Over the Christmas and New Year’s break, the annual Falls Festival made its way to Lorne, Marion Bay and Byron Bay. A few of these a travelling troubadours stopped off in Sydney before the final festival in Fremantle last weekend. Testament to the diversity of acts that Falls is able to assemble, Backyard Opera was fortunate enough to see veteran rock band Toto play at the Hordern Pavilion on January 3 and indie English sensations The Vaccines perform at the Metro Theatre on January 4. These sideshows highlight how the impact of a festival goes way beyond a heavy head in a dusty campground.
This year, Toto celebrated their 43rd year together as a band. While the resurgence of their 1982 hit ‘Africa’ among millennials is what landed them a spot at Falls in 2019, Toto’s sideshow exemplified what has made these golden oldies so enduring over time. The roughly two-hour set was a delicate balance between energetic audience engagement and virtuosic musical performance. As true masters of their trade, Toto embraced the freedom of their own dedicated show. This sentiment was made clear when lead guitarist Steve Lukather told the crowd that unlike in their strict 45 minutes set at Falls, tonight they were going to have a little fun. These words echoed as each band member took the time to perform long, drawn out solos. Whether the scat singing, percussionists’ improvisations or the several spine tingling guitar solos, the crowd entered a trance and watched. Had any other band attempted the length of instrumental work that Toto did, the crowd would’ve switched off. However, the veterans proved that genuine talent and musicianship is enough to enthral an audience. Catering to the mix of old and young, Toto gave us an insight into their substantial body of work. For many, this was their first time experiencing Toto’s unique style of rock. The array of instruments, multiple singers and worldly genre influences kept the tone and pace of the show moving at a dynamic pace.
Embracing the audience’s acute knowledge of hits such as ‘Rosanna’ and ‘Hold the Line’, Toto made the crowd part of the performance. With singer Joseph Williams beating his chest, he signalled to the audience that it was time to draw in a deep breath and sing the choruses. After being met with a huge response of “meet you all the way” in “Rosanna” and “love isn’t always on time” in “Hold the Line”, Williams’ excellent vocal work soared over the top as he acted as a backup singer to the Sydney crowd. Throughout the entire show, however, there was one song that the audience kept pushing for. As the finale, Toto’s ‘Africa’ not only embodied the performance, but Toto as a band. The diverse musical tones and poetic lyrics built to the emotional chorus, which the crowd performed exclusively on their own. The band then engaged in numerous call and responses with the audience, followed by a solo from each member. It was the perfect example of what makes live music more than just a listening experience.

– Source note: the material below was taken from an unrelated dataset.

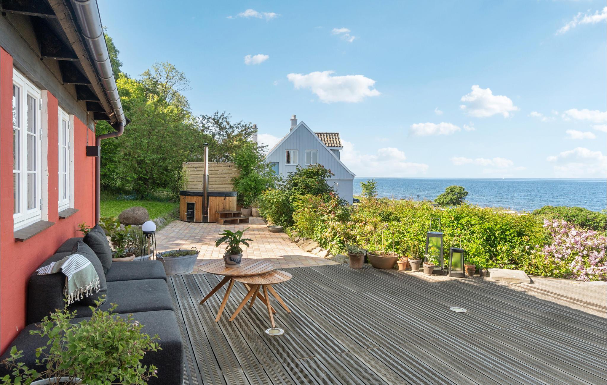Auch die zum Hafen und Meer hin ausgerichtete Terrasse bietet Ihnen ein tolles Erlebnis im Freien, das Sie an lauen Sommerabenden noch viele Stunden genießen können. Haben Sie unter dem Sternenhimmel schon mal ein Bad im Finnischen Holzbad genommen? Wenn nicht, haben Sie hier die Möglichkeit. Zudem können Ihren Kindern hinter dem Haus auch spielen und schaukeln.
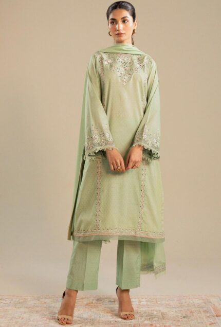 Zara Shajahan Celadon Green Long-Paneled Kurta With Soft Celadon-Hued Dupatta

The following night, English indie rock band The Vaccines played at the Metro Theatre. Their bright, pop-driven take on early 2000s English alternative rock resulted in a set that was equal parts fun as it was energetic. The upbeat bass and drums, fast, grungy guitar and Justin Young’s punchy vocal style blasted the packed Metro Theatre. The crowd, notably younger than the Toto crowd, had a deep connection with The Vaccines, singing along to almost every song. The tales of young love in hits like “I Can’t Quit”, “If You Wanna”, “I Always” and their latest single “All My Friends Are Falling In Love” had the young crowd emotionally invested in every chorus, riff and beat. With the crowd bouncing up and down, clapping along to the music, The Vaccines fed off this energy, moving around the stage in synergy with the crazed audience. Young stood tall in front of the sea of Sydneysiders, fist raised in the air as he poured his heart out to them in triumphant melancholy. It was energetic music accompanied with powerful emotion. Ending the show with an encore of “Put It On a T-Shirt”, The Vaccines left Sydney with an unforgettable taste of underground British charm.
With sideshows such as these, Falls Festival goes beyond the three-day New Year bender, and contributes to the wider musical life of Sydney and Australia.